The nature of taking medical histories was exactly the right treatment for my bias to simply believe. Asking a middle aged man how much he drinks each week? Whatever he responds, consider doubling the number. Are you taking your medications regularly? Whatever they say, check the timing of the last refill. Many Diabetics don’t want to disappoint their doctor, look foolish, or be confronted by their relative poverty and don’t purchase the medication needed—but they can’t tell you that directly. A teen aged diabetic boy had a log of his well controlled blood sugars except his long term test showed poor control. “Can I see your fingers?” Not a sign of pricks used in the day to draw a bead of blood for testing.

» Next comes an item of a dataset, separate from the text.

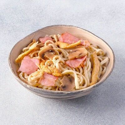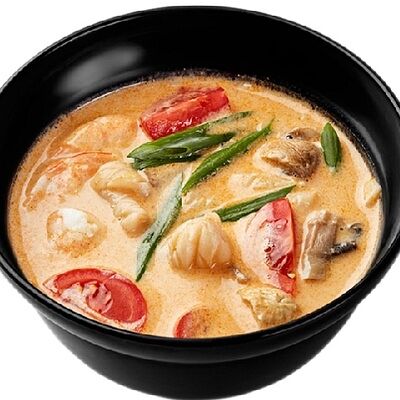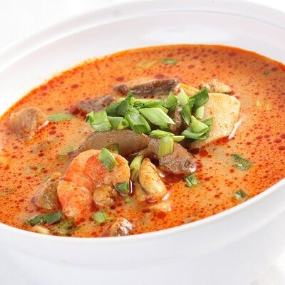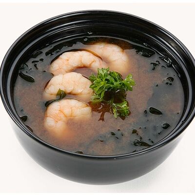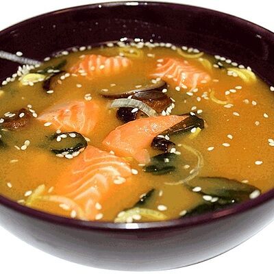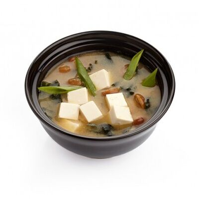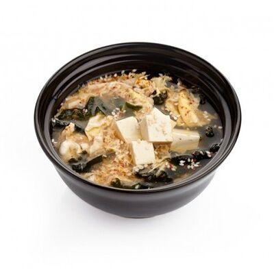 Традиционный острый японский суп с творогом тофу, куриным яйцом, украшенный ароматным кунжутом

When I apply this kind of thinking to the everyday world, I am generally rewarded. A special deal, too good to be true? These don’t take a lot of time to sort. A call with bad news and a solution to be done now over the phone? I am tempted to make a game and eat up lots of time without giving satisfaction but my peace of mind requires a shorter path: the quip and hanging up. Not opening emails is a problem—this is not just a matter of trust but cleaning house. I now assume lots of people I don’t know with varying needs of me have access to my address, contacts, and demographic information.
It is election time and it is the Wild Wild West with respect to what people are capable of saying, seeing, or believing. If you are like me, take a breath, don’t rush, and consider what you know, before you do - or want to- do because of how you want to feel. If you smell bullshit, take your time and reflect on what you really know as opposed to how you feel.
Which gets us back to the election. If the information is impossible to sort clearly, what do you observe in the candidates as people when interviewed or giving a speech that gives you confidence or makes you skeptical?
Pieces of my Alamo at my feet. The bruise on my face is from a baseball bat, carelessly tossed by my brother in a little league game. Or was it so careless?